ENTRIES PROVIDED.

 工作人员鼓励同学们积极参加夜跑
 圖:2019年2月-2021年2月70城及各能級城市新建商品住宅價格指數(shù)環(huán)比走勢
---
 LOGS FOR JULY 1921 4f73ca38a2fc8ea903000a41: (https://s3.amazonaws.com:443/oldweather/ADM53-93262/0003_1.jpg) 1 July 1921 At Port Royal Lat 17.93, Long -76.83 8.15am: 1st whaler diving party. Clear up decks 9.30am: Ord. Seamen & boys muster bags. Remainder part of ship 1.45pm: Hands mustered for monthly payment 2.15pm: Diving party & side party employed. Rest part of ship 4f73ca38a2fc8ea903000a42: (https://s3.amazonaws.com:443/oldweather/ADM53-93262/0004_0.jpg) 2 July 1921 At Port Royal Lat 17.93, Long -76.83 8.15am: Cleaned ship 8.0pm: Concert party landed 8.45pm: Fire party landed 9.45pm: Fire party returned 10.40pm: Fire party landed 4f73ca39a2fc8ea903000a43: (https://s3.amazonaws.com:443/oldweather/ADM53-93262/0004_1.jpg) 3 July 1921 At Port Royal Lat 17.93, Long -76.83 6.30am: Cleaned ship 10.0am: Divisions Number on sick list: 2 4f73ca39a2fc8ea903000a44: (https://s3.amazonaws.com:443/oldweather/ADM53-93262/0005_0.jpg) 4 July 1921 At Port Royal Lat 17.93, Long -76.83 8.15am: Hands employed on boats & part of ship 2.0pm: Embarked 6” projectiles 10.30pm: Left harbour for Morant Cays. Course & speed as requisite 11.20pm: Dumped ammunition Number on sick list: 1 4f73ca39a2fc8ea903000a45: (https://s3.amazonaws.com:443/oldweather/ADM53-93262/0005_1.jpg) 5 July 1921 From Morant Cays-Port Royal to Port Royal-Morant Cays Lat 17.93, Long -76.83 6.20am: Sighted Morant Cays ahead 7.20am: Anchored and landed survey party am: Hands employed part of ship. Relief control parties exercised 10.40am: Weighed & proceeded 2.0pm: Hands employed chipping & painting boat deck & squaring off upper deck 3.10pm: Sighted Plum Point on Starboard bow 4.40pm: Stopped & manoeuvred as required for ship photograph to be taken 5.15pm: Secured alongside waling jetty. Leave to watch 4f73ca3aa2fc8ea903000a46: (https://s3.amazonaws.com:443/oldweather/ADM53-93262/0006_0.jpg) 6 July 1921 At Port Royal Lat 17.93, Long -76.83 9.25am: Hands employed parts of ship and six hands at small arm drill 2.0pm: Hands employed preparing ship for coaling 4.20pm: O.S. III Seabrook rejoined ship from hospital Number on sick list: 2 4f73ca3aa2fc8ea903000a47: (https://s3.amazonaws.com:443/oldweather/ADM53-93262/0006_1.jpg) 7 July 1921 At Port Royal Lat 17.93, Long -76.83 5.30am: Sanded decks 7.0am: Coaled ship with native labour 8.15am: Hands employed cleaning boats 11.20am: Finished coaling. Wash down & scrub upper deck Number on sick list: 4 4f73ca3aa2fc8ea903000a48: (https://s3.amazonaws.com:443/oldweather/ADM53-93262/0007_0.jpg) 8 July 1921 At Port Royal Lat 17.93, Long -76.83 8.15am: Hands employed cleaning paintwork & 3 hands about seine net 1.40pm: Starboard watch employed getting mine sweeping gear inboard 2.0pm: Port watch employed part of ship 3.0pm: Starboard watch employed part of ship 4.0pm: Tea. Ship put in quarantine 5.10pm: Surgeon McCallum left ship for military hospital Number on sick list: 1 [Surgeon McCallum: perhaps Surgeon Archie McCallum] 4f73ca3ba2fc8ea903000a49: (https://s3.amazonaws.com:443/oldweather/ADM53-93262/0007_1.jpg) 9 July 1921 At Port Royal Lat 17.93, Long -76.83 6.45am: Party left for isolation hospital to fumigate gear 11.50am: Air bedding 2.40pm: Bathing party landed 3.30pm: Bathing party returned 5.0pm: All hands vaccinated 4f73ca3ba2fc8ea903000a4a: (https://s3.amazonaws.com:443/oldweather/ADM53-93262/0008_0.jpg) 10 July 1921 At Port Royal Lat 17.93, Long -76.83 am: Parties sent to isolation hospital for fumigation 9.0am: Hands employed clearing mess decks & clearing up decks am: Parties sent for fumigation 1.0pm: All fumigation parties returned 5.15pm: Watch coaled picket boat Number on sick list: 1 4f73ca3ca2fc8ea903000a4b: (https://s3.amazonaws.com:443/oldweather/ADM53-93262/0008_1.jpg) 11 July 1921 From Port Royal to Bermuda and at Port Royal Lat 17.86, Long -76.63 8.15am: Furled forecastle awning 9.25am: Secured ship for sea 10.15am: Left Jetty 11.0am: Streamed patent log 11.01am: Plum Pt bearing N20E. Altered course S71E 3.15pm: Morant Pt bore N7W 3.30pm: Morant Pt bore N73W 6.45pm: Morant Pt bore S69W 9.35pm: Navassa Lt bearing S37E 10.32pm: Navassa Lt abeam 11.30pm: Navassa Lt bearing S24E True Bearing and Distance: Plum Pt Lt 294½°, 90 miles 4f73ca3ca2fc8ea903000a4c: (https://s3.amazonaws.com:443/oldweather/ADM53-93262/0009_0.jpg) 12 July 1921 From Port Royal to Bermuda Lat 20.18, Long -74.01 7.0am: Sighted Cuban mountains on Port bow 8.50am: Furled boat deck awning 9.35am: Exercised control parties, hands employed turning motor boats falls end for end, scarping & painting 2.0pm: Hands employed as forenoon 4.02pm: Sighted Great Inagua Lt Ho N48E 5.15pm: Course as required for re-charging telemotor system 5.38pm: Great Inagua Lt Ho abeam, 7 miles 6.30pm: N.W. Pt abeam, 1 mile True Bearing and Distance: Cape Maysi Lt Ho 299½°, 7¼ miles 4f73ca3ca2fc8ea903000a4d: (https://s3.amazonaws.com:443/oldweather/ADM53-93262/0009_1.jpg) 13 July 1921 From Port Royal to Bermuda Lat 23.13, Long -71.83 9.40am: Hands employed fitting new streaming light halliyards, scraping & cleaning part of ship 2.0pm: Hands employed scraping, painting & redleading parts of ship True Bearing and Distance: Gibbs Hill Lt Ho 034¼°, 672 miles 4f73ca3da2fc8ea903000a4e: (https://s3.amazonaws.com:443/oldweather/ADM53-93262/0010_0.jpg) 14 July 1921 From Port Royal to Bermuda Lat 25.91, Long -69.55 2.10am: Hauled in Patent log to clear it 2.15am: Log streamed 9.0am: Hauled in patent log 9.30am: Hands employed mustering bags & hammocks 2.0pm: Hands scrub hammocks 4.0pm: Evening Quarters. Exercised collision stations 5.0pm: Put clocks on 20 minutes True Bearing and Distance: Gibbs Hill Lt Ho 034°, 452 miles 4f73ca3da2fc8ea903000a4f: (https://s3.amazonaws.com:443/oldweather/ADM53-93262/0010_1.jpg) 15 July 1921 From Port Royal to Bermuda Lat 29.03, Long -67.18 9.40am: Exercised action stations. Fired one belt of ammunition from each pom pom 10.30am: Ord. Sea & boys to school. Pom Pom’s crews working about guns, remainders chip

ACTIVITY. Please make an exact copy of the lines above from the line with "工作人员鼓励同学们积极参加夜跑" through the line with "圖:2019年2月-2021", both ends included.

SOLUTION.
 工作人员鼓励同学们积极参加夜跑
 圖:2019年2月-2021年2月70城及各能級城市新建商品住宅價格指數(shù)環(huán)比走勢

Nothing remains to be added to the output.